Search code examples
azure-data-factoryderived-column

Azure Data Factory - dynamically deal with trailing column delimiters


I've got a blob container of tab delimited files that I'm trying to automate to import to am azure SQL database. One table per file Every source file has a different schema.

I've got a for each loop to loop through the files in the blob container, then the copy data task uses the file metadata to pass parameters into a generic source dataset and automatically create tables in the SQL database sink.

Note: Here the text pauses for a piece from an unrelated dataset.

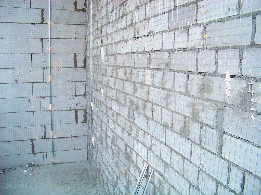 - По аналогичной схеме вывести смежную стену, а затем приступить к штукатурным работам. На начальном этапе требуется заделать трещины, уложив армирующую сетку. Крупные щели (например между плитами) можно заполнить монтажной пеной, выступившие излишки срезать после полимеризации. Если на стенах имеются металлические элементы, то их следует демонтировать или замазать краской или антикоррозионной мастикой. При нарушении правила на штукатурке появятся пятна от ржавчины, которые перейдут на финишную отделку.

The process is fine - HOWEVER - the source files all have a trailing tab - which the datafactory is interpreting as a column without a name - so I get this error:

ErrorCode=DelimitedTextColumnNameNotAllowNull,'Type=Microsoft.DataTransfer.Common.Shared.HybridDeliveryException,Message=The name of column index 36 is empty. Make sure column name is properly specified in the header row.,Source=Microsoft.DataTransfer.Common,'

I think this partially answers my question: ADF Copy with trailing column delimiter

But how do I get it to work dynamically? The solution above manually specifies the 'valid' columns in the dataset to exclude the empty ones, but my 'valid' columns will change each time through the for each loop for each different source file, so I can't hardcode.

Cheers


Solution

  • You cannot achieve the desired output using copy activity.

    Instead use dataflow for this. In the source, dataflow will give the projection like below.

    enter image description here

    For extra trailing tab(\t), it will give the name like above.

    So, filter that extra column using select transformation.

    instr(name,'_c')==0
    

    enter image description here

    Result:

    enter image description here

    Add the SQL table as sink and it will copy the desired columns to the target table. Use dataset parameters for the source and sink to do this process dynamically.